This means that the First Four-Year Plan (ending June 30, 1957) will be in operation as a completed and functional whole for only three years out of the full period. There is no way of avoiding this, however, for the first National Plan ; but the second will overcome any time-lag and will go into effect July I, 1957. All of the Plans will begin and end with the regular fiscal year. The Planning Commission will release its preliminary draft of the Second Four-Year Plan (1957-1961) on July 1, 1956, to run the gamut of public opinion. Its final version it will have ready promptly on January 1, 1957, for submission to Congress. The Commission will not wait for the formal completion of one Four-Year Plan before starting to draw up estimates for the next; and this preparatory work will ordinarily begin a full year before each Plan is due for presentation to Congress.

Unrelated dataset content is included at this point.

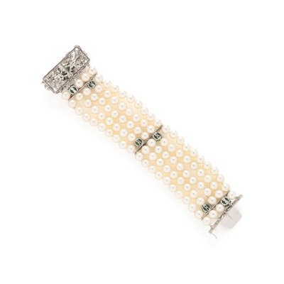 CULTURED PEARL, EMERALD, DIAMOND, AND PLATINUM BRACELET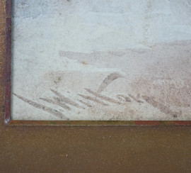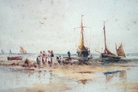I. Wilton, Paesaggio con pescatori, acquarello su carta, cm 21,5x40, entro cornice, (difetti)

The standard-of-living goal for each family of four at the end of the First Four-Year Plan will be an annual minimum of $5,000 [1939$] in consumers’ values, including those made available by the extension of free government services. This goal will be achievable through the full utilization of our present labor supply, taking in the able-bodied unemployed but totally ruling out child labor, on the basis of a seven-hour day, a five-day week and a yearly holiday of three weeks. The minimum mentioned would be even higher if the new regime were able to eliminate America’s soaring defense and armament expenditures.

In any case, my $5,000 estimate by no means adequately represents the advantages which the American people will enjoy under Socialist planning. For it is impossible to evaluate in financial terms even the physical gains which will, for instance, accrue to the urban masses when they all live in houses or apartments which have plenty of room, good light and fresh air. And it is also out of the question to put a definite money value on the immense psychological boons which Socialism will bring, especially through insuring everyone a job and eliminating the chief economic worries of the present.

One of the most important problems that our planning experts will have to face is that of procuring trustworthy data on the capacities and needs of the various areas and of the country as a whole. It is not possible even to start planning without some such data; yet it is not possible to obtain complete and reliable data until planning is well under way. For only an organization like the National Planning Commission, with its hundreds of subordinate agencies in different localities and economic enterprises throughout America, is equipped to gather in and organize all the necessary statistics. The Commission’s own Division of Statistics & Research plays a central role here. Thus as planning makes headway, we shall see a steady improvement and enlargement of the statistical base, making the intricate network of economic forces more and more measurable and bringing about what has aptly been called by economists complete economic visibility.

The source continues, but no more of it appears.